_Data provided:_
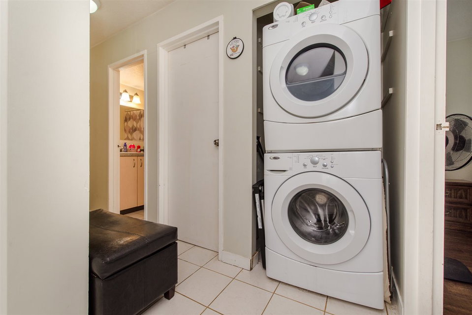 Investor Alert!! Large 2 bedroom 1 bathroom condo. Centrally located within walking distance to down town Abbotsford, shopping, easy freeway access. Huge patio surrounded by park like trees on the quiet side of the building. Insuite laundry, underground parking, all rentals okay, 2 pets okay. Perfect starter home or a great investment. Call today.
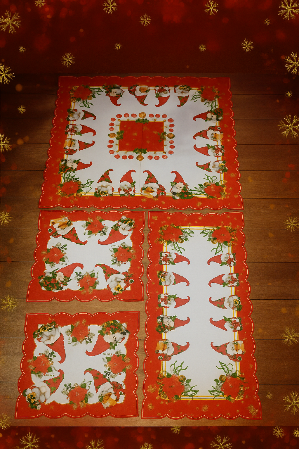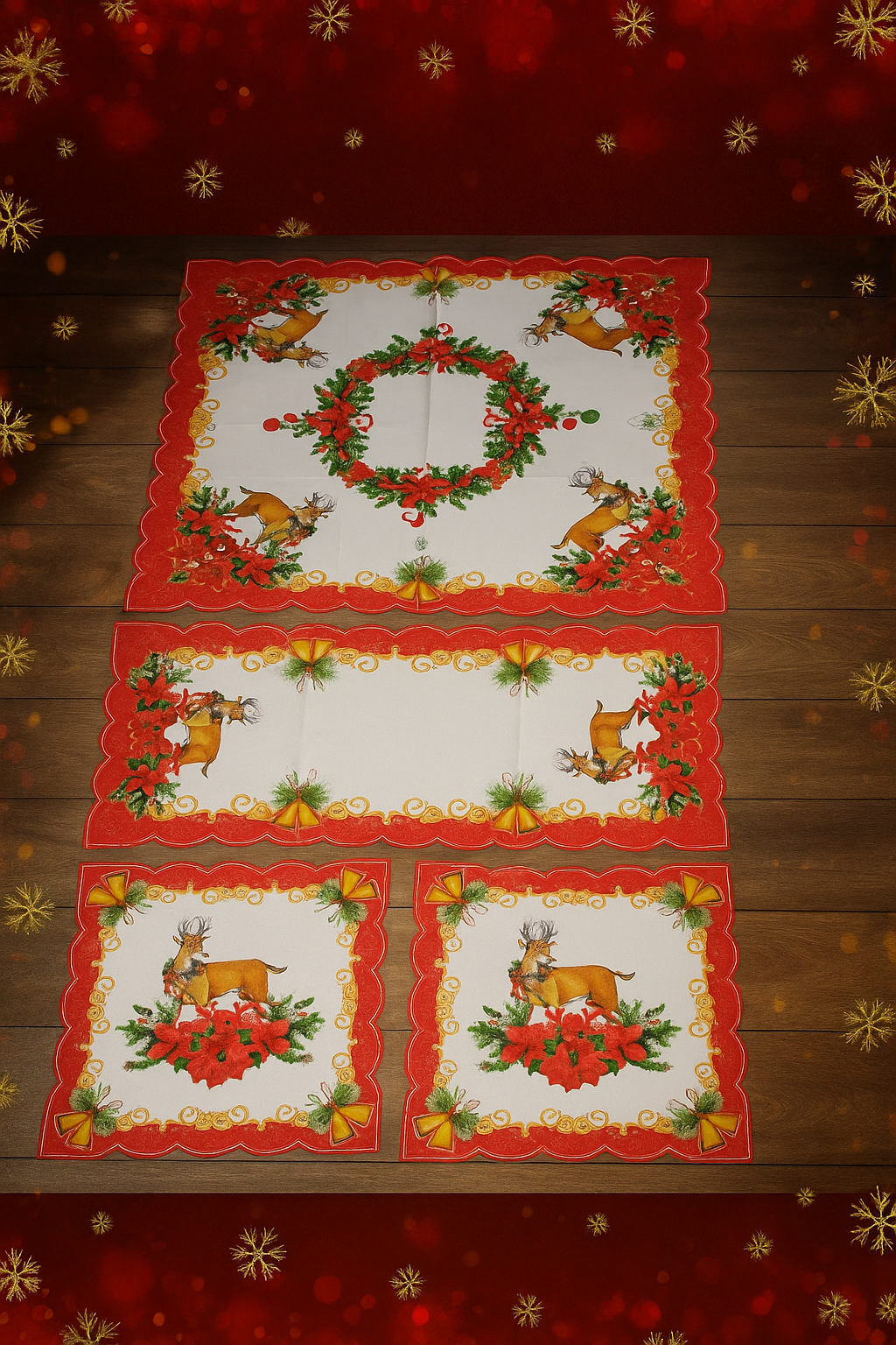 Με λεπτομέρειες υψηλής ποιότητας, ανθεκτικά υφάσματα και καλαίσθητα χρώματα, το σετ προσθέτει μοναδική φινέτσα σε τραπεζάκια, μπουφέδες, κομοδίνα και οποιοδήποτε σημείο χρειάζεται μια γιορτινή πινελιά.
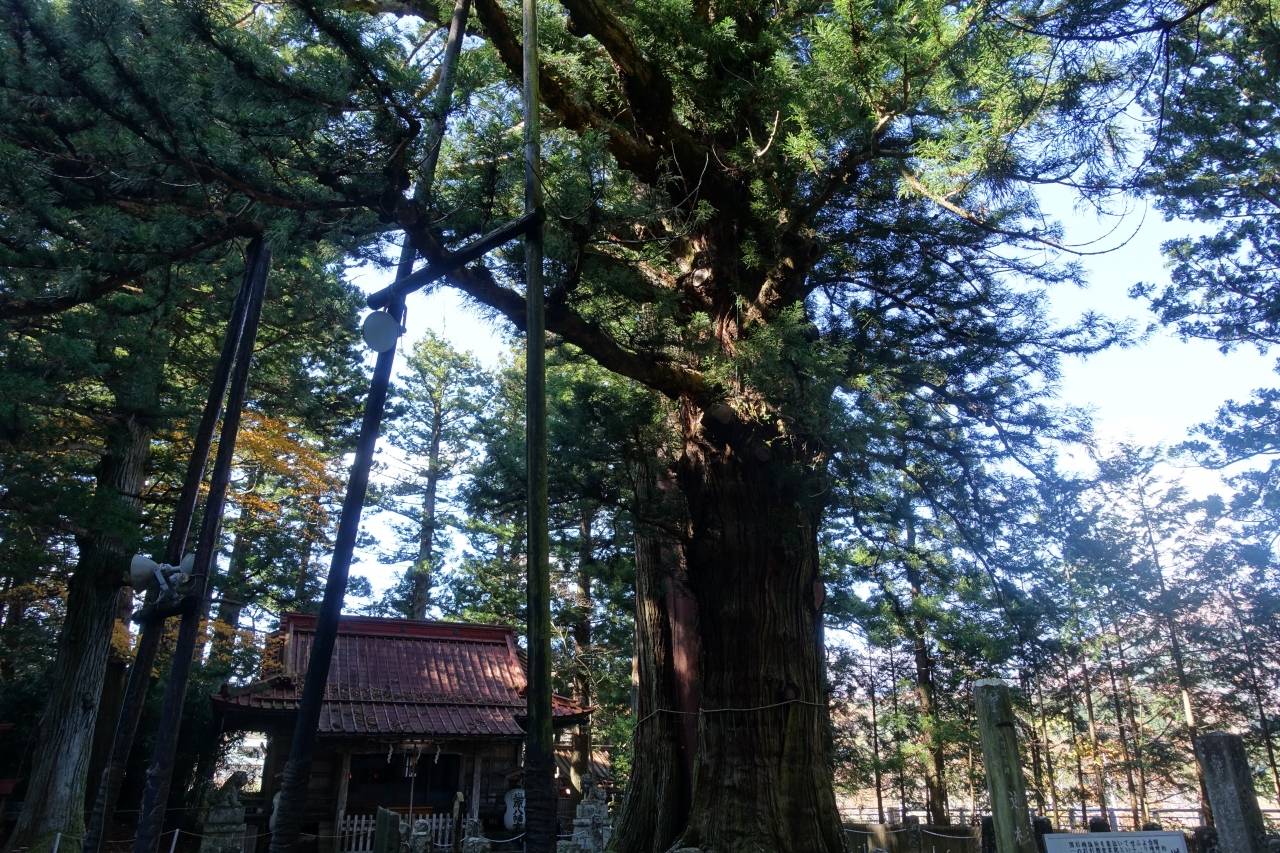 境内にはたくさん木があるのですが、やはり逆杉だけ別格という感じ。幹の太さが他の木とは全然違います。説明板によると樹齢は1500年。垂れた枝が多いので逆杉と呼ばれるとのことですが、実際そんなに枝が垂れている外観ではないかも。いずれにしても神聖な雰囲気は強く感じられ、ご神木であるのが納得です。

_Exercise brief:_ The whole of the data needs to be copied word for word, though not its pictures.

_Output:_
 Investor Alert!! Large 2 bedroom 1 bathroom condo. Centrally located within walking distance to down town Abbotsford, shopping, easy freeway access. Huge patio surrounded by park like trees on the quiet side of the building. Insuite laundry, underground parking, all rentals okay, 2 pets okay. Perfect starter home or a great investment. Call today.
 Με λεπτομέρειες υψηλής ποιότητας, ανθεκτικά υφάσματα και καλαίσθητα χρώματα, το σετ προσθέτει μοναδική φινέτσα σε τραπεζάκια, μπουφέδες, κομοδίνα και οποιοδήποτε σημείο χρειάζεται μια γιορτινή πινελιά.
 境内にはたくさん木があるのですが、やはり逆杉だけ別格という感じ。幹の太さが他の木とは全然違います。説明板によると樹齢は1500年。垂れた枝が多いので逆杉と呼ばれるとのことですが、実際そんなに枝が垂れている外観ではないかも。いずれにしても神聖な雰囲気は強く感じられ、ご神木であるのが納得です。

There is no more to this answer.